INPUT DATA section start

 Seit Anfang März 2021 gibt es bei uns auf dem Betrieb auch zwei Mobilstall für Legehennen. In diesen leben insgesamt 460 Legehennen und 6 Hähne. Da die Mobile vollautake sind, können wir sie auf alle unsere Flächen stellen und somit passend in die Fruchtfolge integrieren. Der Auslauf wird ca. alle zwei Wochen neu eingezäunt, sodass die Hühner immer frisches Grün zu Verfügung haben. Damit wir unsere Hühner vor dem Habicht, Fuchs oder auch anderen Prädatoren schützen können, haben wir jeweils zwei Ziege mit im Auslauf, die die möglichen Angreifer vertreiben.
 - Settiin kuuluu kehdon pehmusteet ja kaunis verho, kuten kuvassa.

INPUT DATA section end
INPUT DATA section start

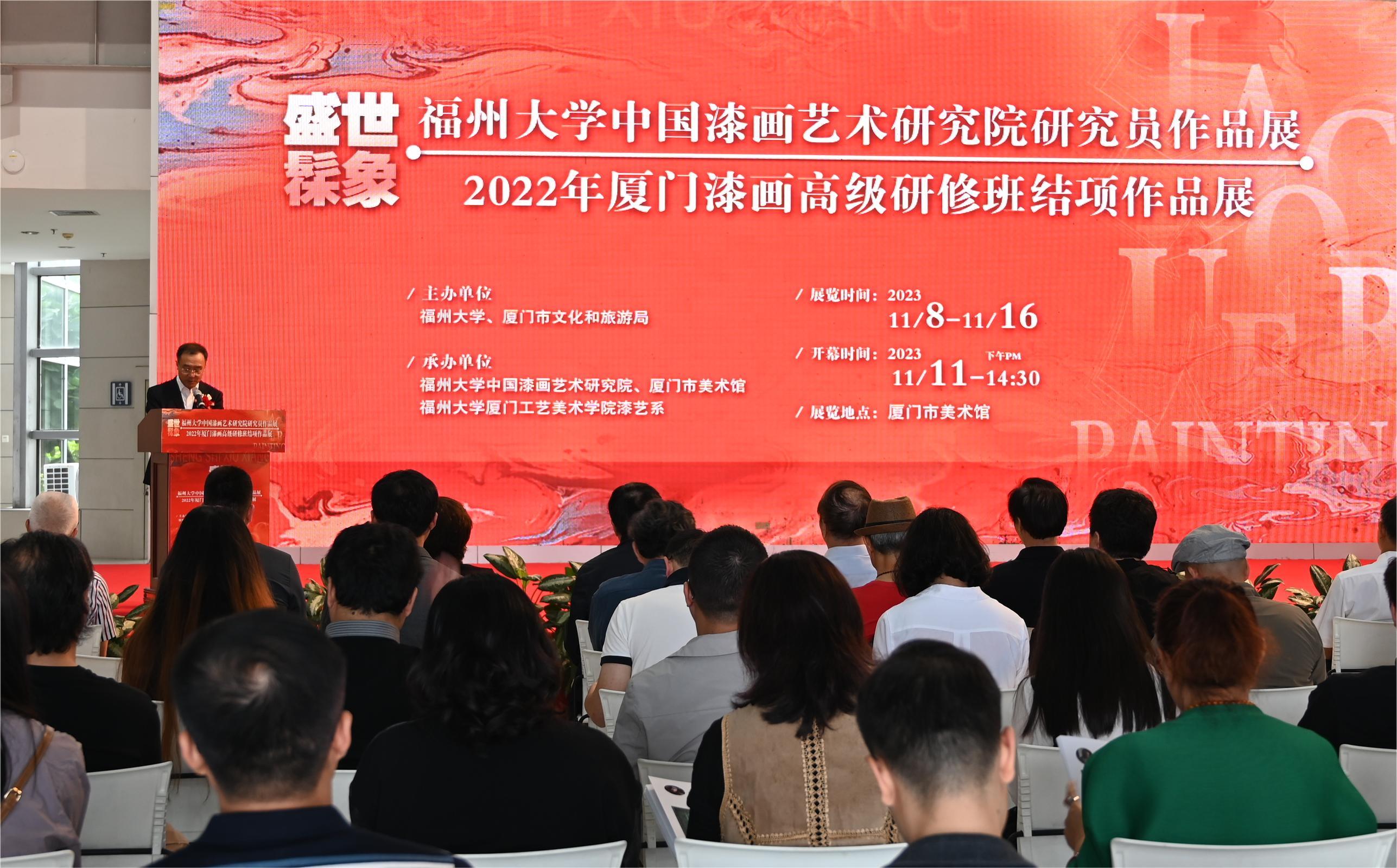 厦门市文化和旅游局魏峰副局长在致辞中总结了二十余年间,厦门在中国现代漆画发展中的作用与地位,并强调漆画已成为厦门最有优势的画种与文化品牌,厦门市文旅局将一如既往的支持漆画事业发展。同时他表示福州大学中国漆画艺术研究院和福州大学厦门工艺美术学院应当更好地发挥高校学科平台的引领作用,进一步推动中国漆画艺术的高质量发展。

INPUT DATA section end
INPUT DATA section start

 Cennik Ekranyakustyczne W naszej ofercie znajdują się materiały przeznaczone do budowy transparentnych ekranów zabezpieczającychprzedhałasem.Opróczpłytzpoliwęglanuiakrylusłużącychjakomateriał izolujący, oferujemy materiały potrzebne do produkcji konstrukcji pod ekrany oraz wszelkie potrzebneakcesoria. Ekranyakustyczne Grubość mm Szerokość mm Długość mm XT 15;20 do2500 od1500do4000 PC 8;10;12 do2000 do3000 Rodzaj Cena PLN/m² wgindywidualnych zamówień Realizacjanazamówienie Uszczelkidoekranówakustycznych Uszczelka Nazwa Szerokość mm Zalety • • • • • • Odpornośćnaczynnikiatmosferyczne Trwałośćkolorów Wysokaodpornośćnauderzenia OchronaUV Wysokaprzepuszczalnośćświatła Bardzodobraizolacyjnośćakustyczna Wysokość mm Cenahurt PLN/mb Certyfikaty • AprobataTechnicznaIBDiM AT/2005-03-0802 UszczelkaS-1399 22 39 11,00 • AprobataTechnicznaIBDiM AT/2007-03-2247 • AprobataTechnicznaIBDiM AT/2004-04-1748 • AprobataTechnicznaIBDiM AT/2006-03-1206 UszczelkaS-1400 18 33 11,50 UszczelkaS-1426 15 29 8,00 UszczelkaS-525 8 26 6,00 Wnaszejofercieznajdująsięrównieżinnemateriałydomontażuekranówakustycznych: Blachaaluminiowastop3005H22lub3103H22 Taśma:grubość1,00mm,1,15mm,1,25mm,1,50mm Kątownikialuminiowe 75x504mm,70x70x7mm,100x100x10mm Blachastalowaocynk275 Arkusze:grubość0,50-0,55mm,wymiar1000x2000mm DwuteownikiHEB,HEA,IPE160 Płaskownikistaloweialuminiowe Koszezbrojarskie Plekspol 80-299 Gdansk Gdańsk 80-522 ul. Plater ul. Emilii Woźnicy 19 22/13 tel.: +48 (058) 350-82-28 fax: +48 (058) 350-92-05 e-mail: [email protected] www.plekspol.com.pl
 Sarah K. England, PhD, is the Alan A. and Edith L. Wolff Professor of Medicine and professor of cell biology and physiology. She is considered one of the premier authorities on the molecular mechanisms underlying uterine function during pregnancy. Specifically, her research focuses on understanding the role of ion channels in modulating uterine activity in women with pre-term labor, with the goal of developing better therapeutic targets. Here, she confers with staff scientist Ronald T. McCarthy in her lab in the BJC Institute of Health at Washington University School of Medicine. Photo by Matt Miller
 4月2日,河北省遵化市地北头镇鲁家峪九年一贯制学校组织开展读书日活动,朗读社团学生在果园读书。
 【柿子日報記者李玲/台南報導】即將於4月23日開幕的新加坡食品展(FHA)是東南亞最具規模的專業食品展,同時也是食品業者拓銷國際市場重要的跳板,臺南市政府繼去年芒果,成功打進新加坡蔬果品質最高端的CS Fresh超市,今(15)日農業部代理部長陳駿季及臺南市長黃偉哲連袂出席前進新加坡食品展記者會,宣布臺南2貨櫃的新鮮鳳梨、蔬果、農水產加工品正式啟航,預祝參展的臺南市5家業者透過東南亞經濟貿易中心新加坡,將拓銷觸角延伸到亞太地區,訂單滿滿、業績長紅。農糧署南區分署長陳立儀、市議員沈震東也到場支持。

INPUT DATA section end

Using the entries above, output exactly the lines between the line holding "Seit Anfang März" and the line holding "- Settiin kuuluu", end lines included, and nothing more.

 Seit Anfang März 2021 gibt es bei uns auf dem Betrieb auch zwei Mobilstall für Legehennen. In diesen leben insgesamt 460 Legehennen und 6 Hähne. Da die Mobile vollautake sind, können wir sie auf alle unsere Flächen stellen und somit passend in die Fruchtfolge integrieren. Der Auslauf wird ca. alle zwei Wochen neu eingezäunt, sodass die Hühner immer frisches Grün zu Verfügung haben. Damit wir unsere Hühner vor dem Habicht, Fuchs oder auch anderen Prädatoren schützen können, haben wir jeweils zwei Ziege mit im Auslauf, die die möglichen Angreifer vertreiben.
 - Settiin kuuluu kehdon pehmusteet ja kaunis verho, kuten kuvassa.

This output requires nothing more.